There is a need to ensure that global supply chains are secure. This is particularly significant given that disruptions to the global supply chain can adversely affect food supply, mineral resources, and access to raw materials and finished products, to mention a few.
Despite this, supply chains remain vulnerable to attacks and cyber security breaches, with severe consequences. Beyond traditional security threats to the global supply chain, like armed conflict owing to the activities of terrorists and insurgents, as well as climate change resulting in extreme weather conditions, the threat posed by cybersecurity remains one of the most significant threats to the global supply chain.
Cybersecurity here is the management of information technology systems, networks, and software technology. While the valuable contributions of technology to human advancement are not contested, technology remains a double-edged sword in many ways.

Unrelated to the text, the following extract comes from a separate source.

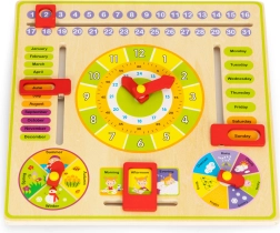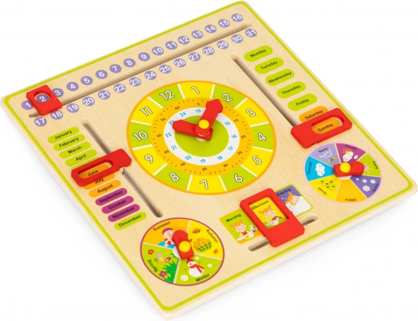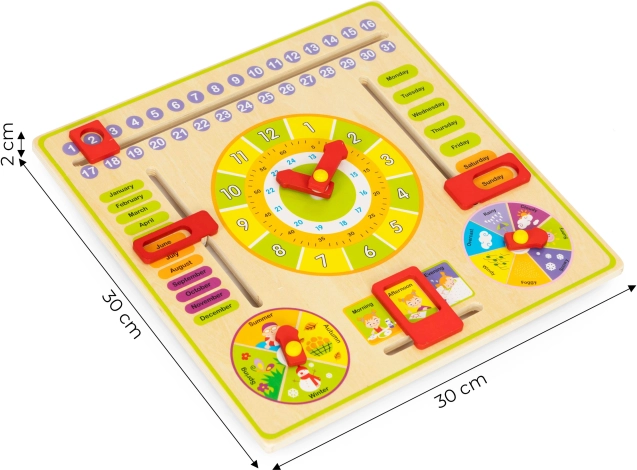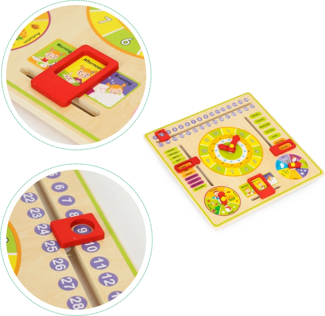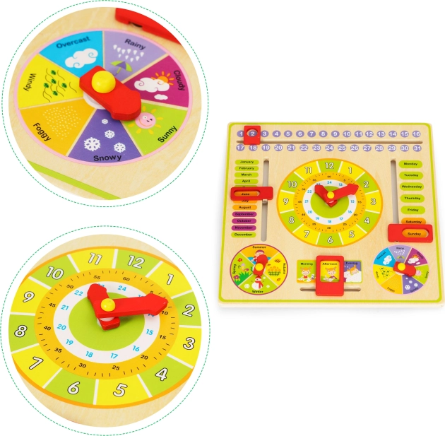 Tabla otrokom omogoča, da se naučijo dni v tednu, mesecev in letnih časov ter jim hkrati pomaga pravilno brati čas. Poleg tega razvija ročne spretnosti in ne vsebuje ostrih robov, kar je varno za otroke.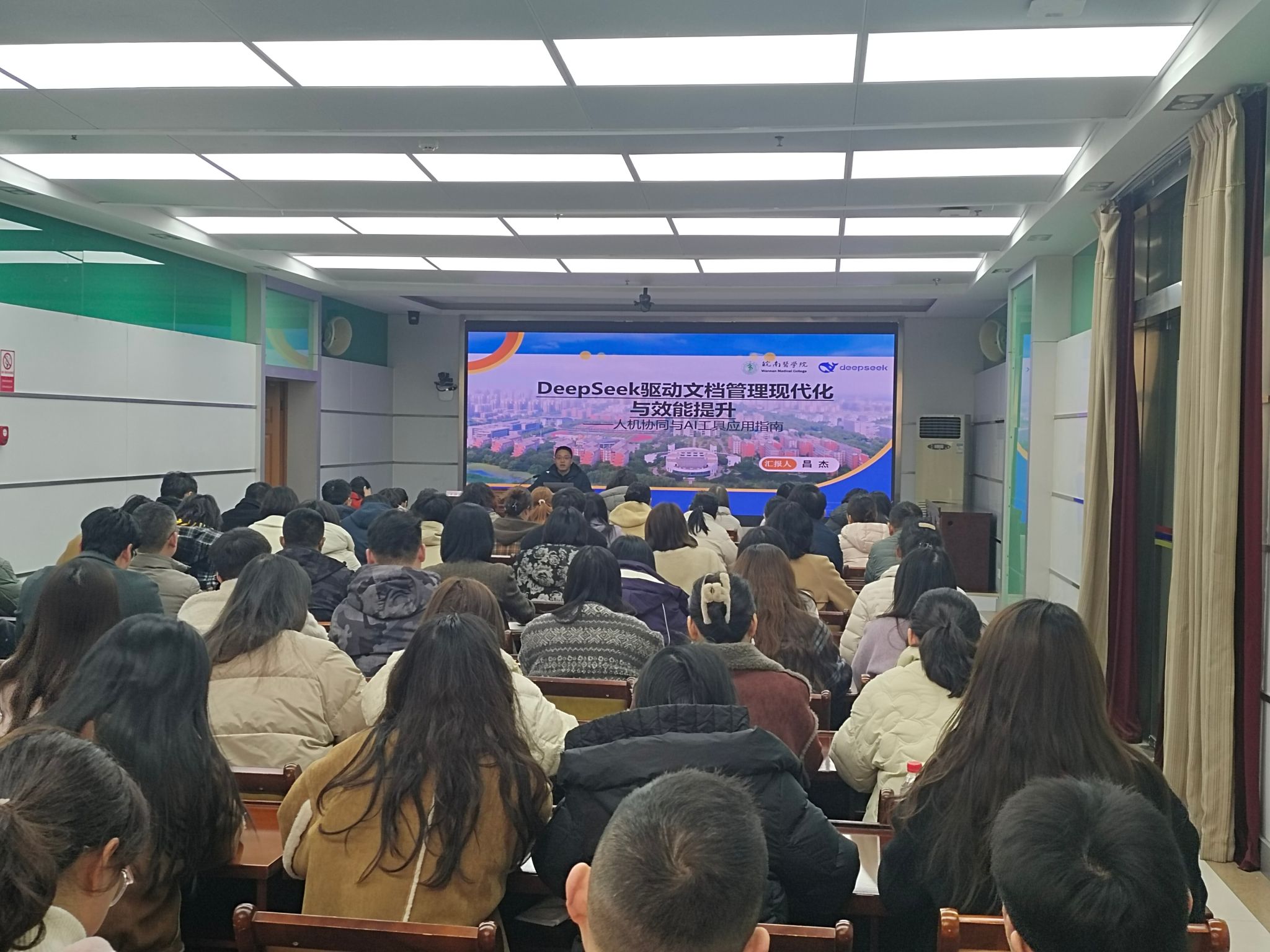 为进一步提升我校青年干部队伍素质,提升日常办公效能,3月7日下午,组织部、机关党委联合举办第三期青年干部培训讲座,邀请医学信息学院副院长昌杰作题为“DeepSeek驱动文档管理现代化与效能提升”的专题辅导讲座。全校110多名科级及以下管理干部参加,讲座由组织部副部长、机关党委书记任苔蓉主持。

One of the causes for this is the possible attacks.
Cybersecurity attacks on critical energy and transportation infrastructure, such as power grids, rail lines, and airports, could lead to them shutting down. Beyond these, cyber security attacks on big pharmaceuticals are detrimental. The effects of these on human lives could be catastrophic, especially during global pandemics where poor and vulnerable populations would be solely dependent on access to vaccines.
Some of the specific ways technology has contributed to a more efficient and effective global supply chain include ensuring protection against cyber-crimes and other forms of cyber-terrorism
Over the years, technology has become an integral part of the global supply chain and contributed to the smooth running of businesses and international trade. Some of the specific ways technology has contributed to a more efficient and effective global supply chain include ensuring protection against cyber-crimes and other forms of cyber-terrorism.
These attacks are usually manifested in the forms of targeted spyware and malware, created to wreak havoc on computers and networks, as well as other forms of cyber-crimes such as data thefts and more advanced threats popularly referred to as Advanced Persistent Threats (APTs). It is crucial to clearly understand the specific threats cybersecurity poses to the global supply chain. While they are numerous, they can be broadly categorized under thefts of sensitive data, intellectual property, and cloud technology. Now, you may ask why this is important.
Effective global supply chains rely on data sharing across the supply chain link, particularly about online and e-commerce-related businesses. Cybersecurity attacks targeting sensitive data could compromise the privacy of sensitive data belonging to consumers, which could range from individuals, companies, and states, such as their online bank details and credit card details.
In the case of intellectual property, supply chains require proper record-keeping on products and systems. As a result, cybersecurity attacks targeted at the intellectual property of global supply chains could potentially damage the sanctity of confidentiality, eroding trust, which is critical in facilitating businesses globally.
Furthermore, knowing the vast volume of data required to ensure an efficient and effective global supply chain process, data storage is paramount, hence the need for cloud-based sharing platforms. However, this also poses a significant risk that cybersecurity attackers are aware of and are often keen on exploiting. Preventing cybersecurity attacks requires that information technology systems are properly safeguarded against such attacks by according significant attention to the most vulnerable parts of the supply chain.
This is pertinent given that cyber-terrorists and criminals are mostly inclined to exploit these vulnerabilities in perpetuating their nefarious activities, which have monumental repercussions for the global supply chain. To effectively mitigate the risks posed by cybersecurity attacks to global supply chains, individuals, businesses, companies, and states are required to take certain deliberate and decisive steps.
These steps are broadly categorized under avoidance, reduction, transference, and acceptance strategies. Specific steps in this regard include regulating, updating, and upgrading software. To avoid the possibility of forgetting to do this as often as may be required, it is best to ensure that this process is automated. Only updates provided directly by vendors should be used.
Secondly, it is imperative to ensure that a disaster recovery plan (DRP) is put in place across the various links of the supply chain. This is critical in ensuring that the prospects of cyberattacks are properly mitigated. For this to work properly, it should be reviewed and updated periodically.
Thirdly, a deliberate effort must be made to identify network intrusions. This proactive stance would ensure that measures are taken to contain malicious spyware and malware. As with the previous point, this process should also be automated to guarantee a more defensive cybersecurity architecture across the global supply chain.
Other steps which could be taken include ensuring a monitoring third-party security posture, utilizing multi factor authentication, as well as hardware security features, amongst others. Ensuring these measures are in place remains critical to protecting the global supply chain from cybersecurity attacks from cybercriminals and cyber-terrorists. The stakes are too high to relegate this to mere negligence.